Background Persons with HIV have a higher prevalence of coronary artery disease compared with their HIV-negative counterparts. Earlier identification of subclinical atherosclerosis may provide a greater opportunity for cardiovascular disease risk reduction. We investigated coronary cross-sectional area (CorCSA) by noncontrasted computed tomography imaging as a noninvasive measure of arterial remodeling among virally suppressed persons with HIV. Methods and Results We assessed 105 persons with HIV with a spectrum of cardiometabolic health. All participants underwent computed tomography imaging to assess the mean corCSA of the proximal left anterior descending artery and 28 participants underwent additional coronary computed tomography angiography. Partial Spearman rank correlations adjusted for cardiovascular disease risk factors were used to assess relationships of corCSA with anthropometric measurements, HIV-related factors, and plasma cytokines. Mean corCSA measured by noncontrast computed tomography and coronary computed tomography angiography were strongly correlated (ρ=0.91, P<0.0001).

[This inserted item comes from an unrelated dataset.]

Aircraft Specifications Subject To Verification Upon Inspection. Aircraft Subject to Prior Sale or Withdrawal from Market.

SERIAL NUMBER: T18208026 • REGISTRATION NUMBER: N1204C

Higher mean corCSA was present in those with coronary artery calcium (P=0.005) and it correlated with participants' atherosclerotic cardiovascular disease risk score (ρ=0.35, P=0.01). After adjusting for established cardiovascular disease risk factors, we observed an inverse relationship between corCSA and CD4+ T-cell count (ρ=-0.2, P=0.047). Removal of age from the model strengthened the relationships between corCSA and antiretroviral therapy duration (from ρ=0.19, P=0.08 to ρ=0.3, P=0.01). CorCSA was also inversely correlated with plasma IL-10 (ρ=-0.25, P=0.03) but had no relationship with IL-6 (ρ=0.11, P=0.4) or IL-1β (ρ=0.08, P=0.5). Conclusions Positive coronary arterial remodeling, an imaging marker of subclinical atherosclerosis, is associated with a lower CD4 T-cell count, lower circulating IL-10, and possibly a longer antiretroviral therapy duration in persons with HIV. Registration Clinicaltrials.gov; Unique identifier: NCT04451980.

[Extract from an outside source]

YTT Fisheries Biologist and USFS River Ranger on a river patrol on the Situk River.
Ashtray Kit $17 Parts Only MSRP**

Keywords: cardiovascular diseases; coronary arterial calcium; coronary artery disease; cross‐sectional area; glycated hemoglobin A; interleukin‐10; interleukin‐6.

Figures

Figure 1. Mean corCSA is higher with…
Figure 1. Mean corCSA is higher with coronary calcium and correlated with ASCVD risk.

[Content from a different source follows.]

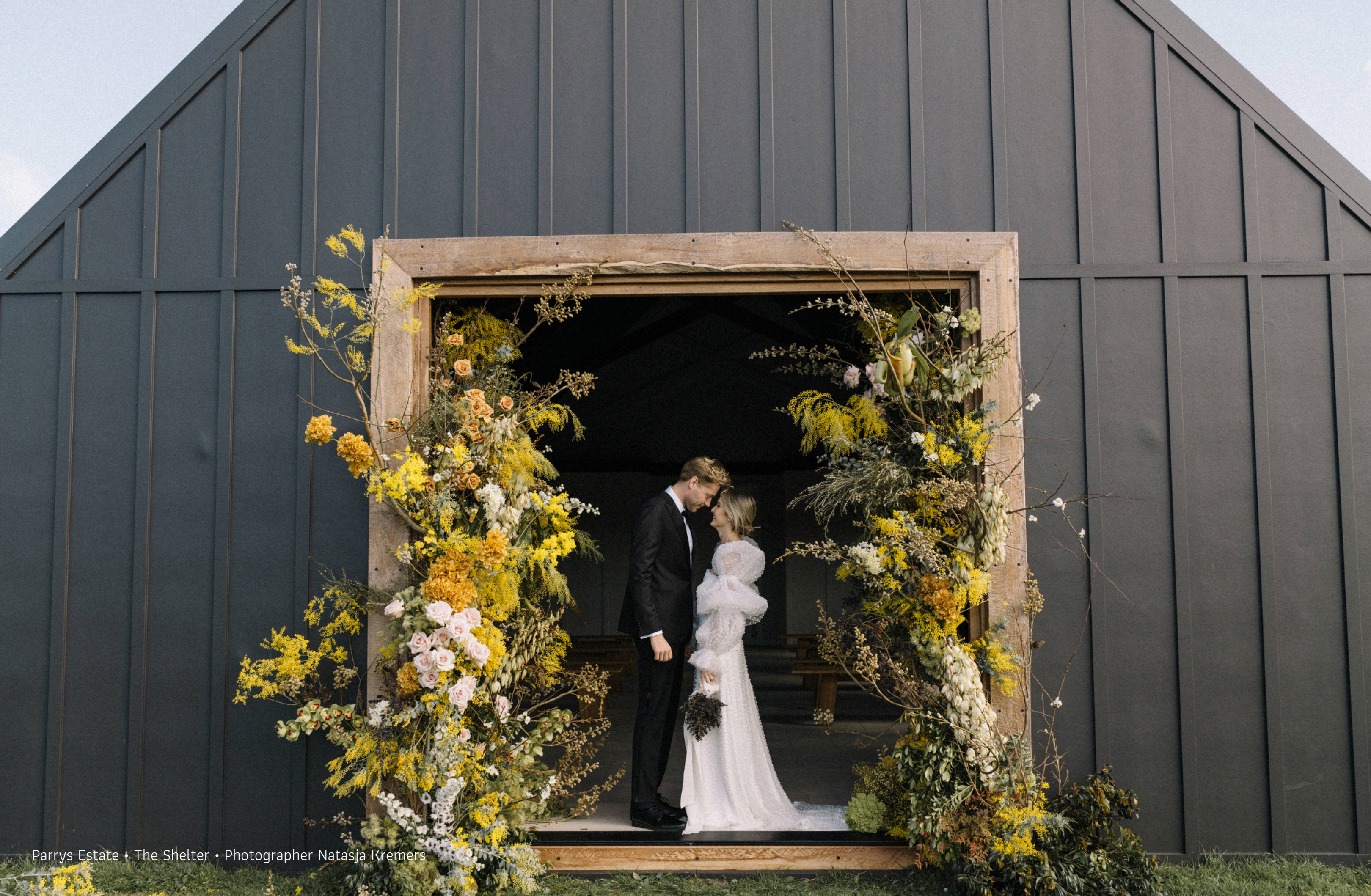
Parrys Estate • The Shelter

Representative computed tomography image (CT) demonstrating the technique for measuring coronary cross‐sectional area (corCSA) of the proximal left anterior descending coronary artery (LAD) using previously published methods. The proximal 1.0 cm of the LAD was identified, at 3 equidistant points as labeled a, b, and c. The corCSA includes the area of the wall of the vessel as well as the lumen. Mean corCSA is the average of all 3 areas (A). Notched box plots showing mean corCSA by diabetes status (B) and by quantifiable calcium on CT imaging (C). Box plots showing current atherosclerotic cardiovascular disease (ASCVD) risk score in persons with HIV (PWH) with and without coronary artery calcium (CAC) (D) and correlation between ASCVD risk score and corCSA (E). Correlation plot of corCSA measurements obtained by noncontrast CT and coronary computed tomography angiography imaging (n=28). Analyses were performed using Kruskal–Wallis test (B), Mann–Whitney U tests (C and D), and Spearman rank correlation (E and F).
Figure 2. Mean coronary cross‐sectional area (corCSA)…
Figure 2. Mean coronary cross‐sectional area (corCSA) correlation with cardiovascular disease risk factors.
Unadjusted Spearman rank correlation plots of mean corCSA and weight (A), height (B), body mass index (C), waist circumference (D), age (E), low‐density lipoprotein cholesterol (LDL) (F), high‐density lipoprotein cholesterol (HDL) (G), hemoglobin A1c (H), triglycerides (I), and creatinine (J). Statistical analyses were performed using Spearman rank correlation.
Figure 3. Mean coronary cross‐sectional area (corCSA)…
Figure 3. Mean coronary cross‐sectional area (corCSA) correlates with age and waist circumference in adjusted models.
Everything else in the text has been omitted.